Your instructions
What I need is an exact repeat of the lines from the one with "Małe lniane torby" through the end of the listing below. Leave out every picture.

___ Supplied material ___

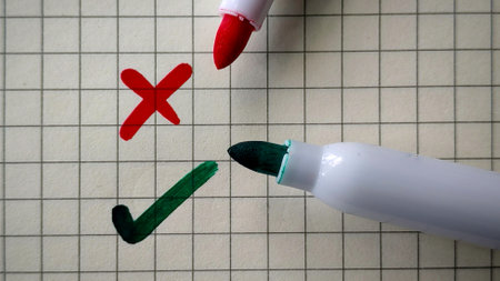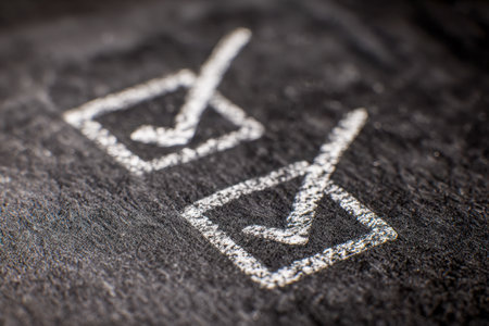 Check boxes with a red tick written with chalk on a smudged blackboard
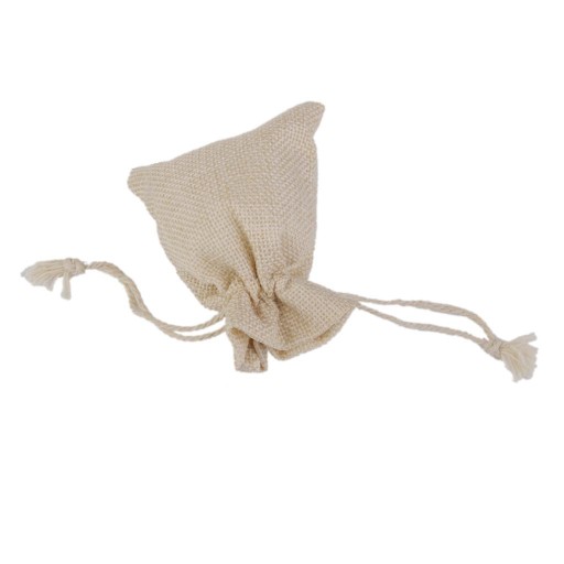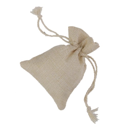 Małe lniane torby na prezenty z juty w stylu vintage. Każda torebka jest wyposażona w sznurek, dzięki czemu torebki można łatwo zamykać i otwierać
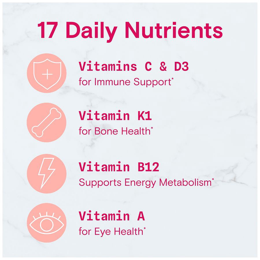 SmartyPants Women's Multi Gummies - 60 count; SmartyPants Women's Multi gummies are made [formulated] with 17 nutrients including vitamin D3 for immune support, vitamin B12 to support energy metabolisā¦
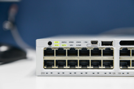 Network switch front panel with ports. Modern telecommunication equipment.

___

Output
 Małe lniane torby na prezenty z juty w stylu vintage. Każda torebka jest wyposażona w sznurek, dzięki czemu torebki można łatwo zamykać i otwierać
 SmartyPants Women's Multi Gummies - 60 count; SmartyPants Women's Multi gummies are made [formulated] with 17 nutrients including vitamin D3 for immune support, vitamin B12 to support energy metabolisā¦
 Network switch front panel with ports. Modern telecommunication equipment.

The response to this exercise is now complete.